Thanks to owner Salvatore Buscaglia, Buffalo can get its drink on at 674 Ellicott St. again, and eat decent food at a decent price. Buscaglia emphasized its history by renaming it Ulrich’s 1868 Tavern, and touched up the historic interiors with a deft hand, the tone set by the gorgeous wood and stained-glass bar in the front room.

We shouldered our way through the crowd and found the dining room mostly empty. The details remain: pressed metal walls and ceiling, piano, cast-iron radiators and a phoneless phone booth. Our old, bare wooden table held something I don’t remember seeing before: fresh flowers in a beer mug.

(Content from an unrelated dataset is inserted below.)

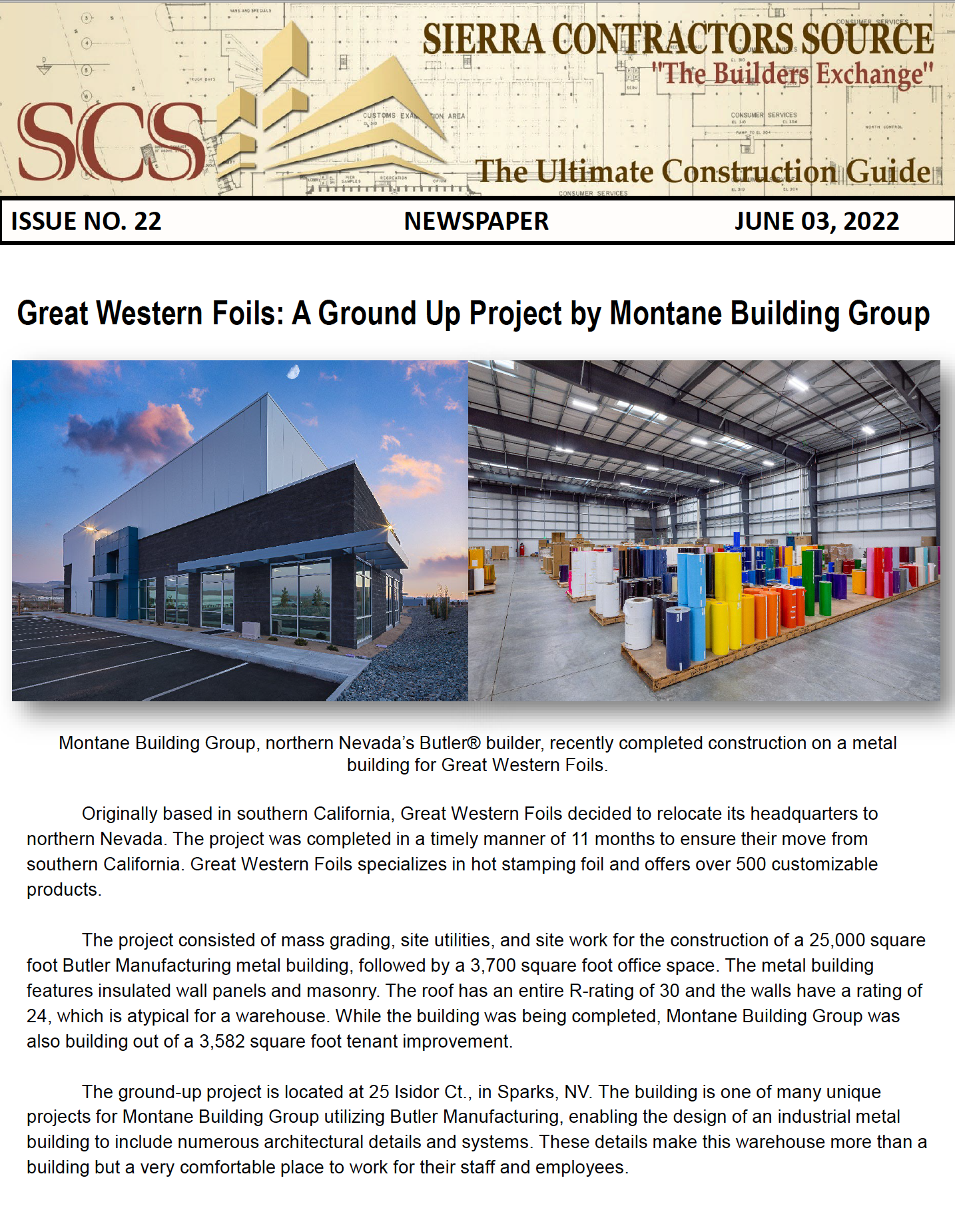 Montane Building Group Announces Ground Breaking of Sage Ridge School Student Activity Center (Reno, NV)- Montane Building Group announced they…

Our server told us Ulrich’s was out of German draft beer. Bummer. We chose alternatives from Hamburg Brewing Co. and Sam Adams.

The menu was a single card of soups, salads, sandwiches and entrees. Most of the prices end in “68,” as in potato pancakes ($7.68).

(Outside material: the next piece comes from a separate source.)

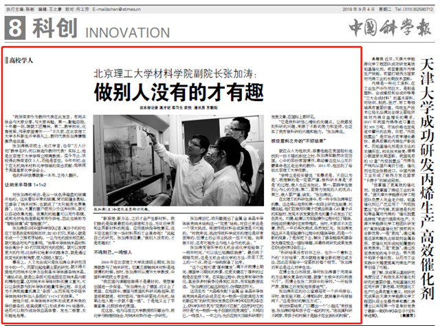 【中国科学报】BB贝博艾弗森官方网站材料学院副院长张加涛:做别人没有的才有趣

Here’s the skinny: The food was cheap, and it was hot, and if we had stuck to potato pancakes and sausages, schnitzel and kraut, we would have been happy. Outside that, things got a bit wobbly. But there also was a dish or two that suggested this kitchen has only started to cook. New executive chef Dan Galvin, on duty less than a month, said the menu I tried is being revamped.

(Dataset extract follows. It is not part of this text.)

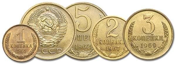 Что касается остальных монет из никелевых сплавов и алюминиевой бронзы (из нее выпускались в советское время копейки, «двушки», трехкопеечники и пятаки), то среди них особо дорогих нет. Только номиналы от 1 копейки до 1 рубля 1958 года, выпущенные опытной партией. Цена полного набора из 9 монет сегодня – 50 000 рублей. Еще есть довольно редкие, но не слишком дорогие монеты 1961 года – 1 рубль и 50 копеек, которые сегодня стоят 300-500 рублей.
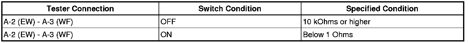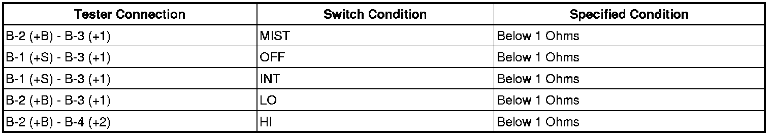 If the result is not as specified, replace the windshield wiper switch.

First, we tried pretzels, regular and cheese-stuffed ($10.68). They were OK. Dunked in spicy mustard and grainy cheese sauce they were prefab, not as tender-crusty as fresh ones.

Then came the borscht ($5.68), a Polish white version: a bowl of milky broth, onion and parsley, with accoutrements of ham, potato and beet cubes, and a thimble of beet vinegar. There was horseradish on rye bread, and half a hard-boiled egg. Bialy barsczc is supposed to be sour and savory. This was neither, a blank slate of cream. Adding the accoutrements helped, a little. The potato cubes were crunchy.

Potato pancakes ($7.68 for two) were terrific, browned well, topped with sour cream and a sautéed apple, then drizzled with honey.

A quinoa salad arrived as four dainty dabs of cucumber, tomato, scallion and quinoa grains placed on four lettuce leaves ($10.68). I ate it imagining a lunchpail-toting ghost guffawing. It was fresh, but wispy.

An appetizer of pork belly and salmon ($13.68) was a surprise hit. A well-glazed, moist piece of salmon filet was balanced on a tender cube of pork belly, with sweet-and-sour sautéed red onions and greens on the side. An unusual, rich surf-and-turf combination that made it the first plate emptied.

The schnitzel ($13.68) and Oktoberfest sausage ($14.68) plates were both satisfying German-American tavern food, if unorthodox in certain details. The schnitzel comes in chicken and veal. I chose veal and was rewarded with two crispy cutlets breaded in rye crumbs that added a fetching toasty flavor. The sausage plate – smoky bratwurst, hot dog-like knackwurst and Ulrich’s original recipe – was satisfying too. The German potatoes, dosed with crispy bacon crumbs and tangy sauerkraut, hit the spot.

Rouladen ($11.68), flank steak around a pickle and pork stuffing, was tasty, but the beef was pink and chewy. I like my rouladen as braised, pot roast-like rolls, with gravy. It had more of those terrific potatoes, though.

If you read carefully, the menu does signal that chicken pot pie ($13.68) is a bowl of creamy chicken stew with a rectangle of puff pastry. I would have accepted the name game better if the potato cubes, amid acceptably tender chicken, peas and carrots, weren’t crunchy again.

For dessert, we ordered bananas Foster, whose brown sugar rum sauce hadn’t been cooked long enough for the sugar to melt, leaving it grainy over warmed, but not caramelized, bananas. There was still ice cream and walnuts for consolation. The poached pears were undercooked and spoon-resistant.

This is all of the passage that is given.